Adapted from this answer. The linked answer shows how to compute distance between each row and some fixed value for longitude/latitude - my adaptation allows it to work for your case.
First, get all the values you need on the same row using shift
:
df['lon2'] = df['lon'].shift(-1)
df['lat2'] = df['lat'].shift(-1)
Giving:
id lat lon lat2 lon2
0 1 NaN NaN 40.121 23.749
1 1 40.121 23.749 -56.154 -39.572
2 1 -56.154 -39.572 21.908 17.537
3 1 21.908 17.537 31.221 -36.186
4 1 31.221 -36.186 -56.655 0.016
5 1 -56.655 0.016 NaN NaN
6 2 NaN NaN -36.438 14.874
7 2 -36.438 14.874 -21.422 81.271
8 2 -21.422 81.271 43.961 -95.551
9 2 43.961 -95.551 NaN NaN
10 3 NaN NaN 79.821 -56.781
11 3 79.821 -56.781 NaN NaN
Then define function for distance calculation:
from numpy import cos, sin, arcsin, sqrt
from math import radians
def haversine(row):
lon1 = row['lon']
lat1 = row['lat']
lon2 = row['lon2']
lat2 = row['lat2']
lon1, lat1, lon2, lat2 = map(radians, [lon1, lat1, lon2, lat2])
dlon = lon2 - lon1
dlat = lat2 - lat1
a = sin(dlat/2)**2 + cos(lat1) * cos(lat2) * sin(dlon/2)**2
c = 2 * arcsin(sqrt(a))
km = 6367 * c
return km
And apply it to your data using apply
:
df['distance'] = df.apply(haversine, axis=1)
Giving:
id lat lon lat2 lon2 distance
0 1 NaN NaN 40.121 23.749 NaN
1 1 40.121 23.749 -56.154 -39.572 12237.017692
2 1 -56.154 -39.572 21.908 17.537 10187.684397
3 1 21.908 17.537 31.221 -36.186 5387.540299
4 1 31.221 -36.186 -56.655 0.016 10343.267833
5 1 -56.655 0.016 NaN NaN NaN
6 2 NaN NaN -36.438 14.874 NaN
7 2 -36.438 14.874 -21.422 81.271 6543.302199
8 2 -21.422 81.271 43.961 -95.551 17480.809345
9 2 43.961 -95.551 NaN NaN NaN
10 3 NaN NaN 79.821 -56.781 NaN
11 3 79.821 -56.781 NaN NaN NaN
Which I believe shows the results you are looking for (I tested the first one and it seems to be correct).

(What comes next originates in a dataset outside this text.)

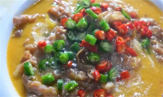 5、調好味道后,再次將湯汁煮沸,將肥牛片一塊一塊地放入鍋中,要快速放入,然后蓋上鍋蓋,關火燜煮3分鐘。3分鐘后,將鍋中的所有食材轉移到湯盆中。接著,將青紅椒圈放在上面,最后用熱油將香辣味爆出。 這道番茄酸湯肥牛,酸爽的番茄湯汁與鮮嫩的肥牛相結合,口感豐富多樣,令人垂涎欲滴。番茄的酸味與肥牛的鮮美相互融合,帶來獨特的風味享受。在品嘗時,可以先將金針菇放在碗底,再將燙熟的肥牛片放在上面,最后倒入番茄酸湯,讓肥牛片在熱湯中熟透。每一口都充滿了酸辣的美味,令人回味無窮。 |

If you like, you can get rid of the two secondary lat/lon columns once the calculations are complete:
df.drop(['lat2', 'lon2'], axis=1, inplace=True)
I should note that this solution will not give you the fastest possible calculations. See the second half of the answer I linked for an exploration of how this can be improved if performance is top priority here, although it will need to be adapted.